Alpha is normalized per-profile so the same numeric value means the same intensity across backbones: α≈0.5 sits in the coherent-nuanced band on every bundled architecture, α≈1.0 is past the collapse cliff. Vectors are registered without alphas and applied per-call, so nothing persists on the model between generations.
Multiple vectors compose naturally — they register into a single manager that, per generation, installs a single in-place hidden-state hook per active layer (co-layer directions sum). Hooks are transient: composed before generation, removed after.
Custom concepts
When you steer on a concept that isn't in the curated probe library, the loaded model writes its own contrastive pairs. Generation is seeded across multiple "specificity lenses" (unique facts, physical traits, social dynamics, inner life, routines) and the prompt explicitly rejects generic pairs that could apply to anything similar. Pairs cache at ~/.saklas/vectors/local/<concept>/statements.json and are model-independent, so they're reused across models.
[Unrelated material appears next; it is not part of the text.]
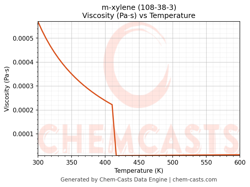 This page presents the temperature-dependent thermodynamic and transport properties of m-xylene (CAS 108-38-3) calculated at a constant pressure of 1 atm (101325 Pa) over the temperature range 250-500 K.

This means /steer "anything" works — religions, animals, fictional characters, "man who ate too much spaghetti." The vector captures what's distinctive about the concept, not generic associations.
Trait monitor
After each generation, saklas runs a separate forward pass over the generated text, pools hidden states from the last content token (matching probe extraction), mean-centers them against a cached per-layer baseline (computed from 45 neutral prompts), and scores against each probe via score-weighted cosine similarity. History accumulates across generations, enabling sparklines and running statistics.
Layer means are cached at ~/.saklas/models/<safe_model_id>/layer_means.safetensors and auto-invalidate when ~/.saklas/neutral_statements.json changes hash.
Probe library
21 probes across 6 categories, each backed by 45 curated contrastive pairs (topically disjoint, not minimal-word-swap — see CLAUDE.md for the generation discipline). Most probes are bipolar: the name carries both poles (angry.calm, masculine.feminine), the positive pole activates on α>0 and the negative pole on α<0. Monopolar probes have no named opposite.
| Category | Probes |
|---|---|
| Affect | angry.calm, fearful.brave, happy.sad |
| Epistemic | confident.uncertain, honest.deceptive, hallucinating.grounded |
| Alignment | agentic, refusal.compliant, sycophantic.blunt, manipulative |
| Register | formal.casual, direct.indirect, verbose.concise, creative.conventional |
| Social stance | authoritative.submissive, hierarchical.egalitarian, high_context.low_context |
| Cultural | masculine.feminine, western.eastern, religious.secular, traditional.progressive |
Bipolar probes are extracted from Speaker A IS X / Speaker B IS Y contrastive pairs, so the negative direction is a real coherent pole rather than "absence of X." /steer angry - calm and /steer angry.calm resolve to the same vector — each pole is slugged independently (non-alphanumerics collapse to _), joined by the bipolar separator ..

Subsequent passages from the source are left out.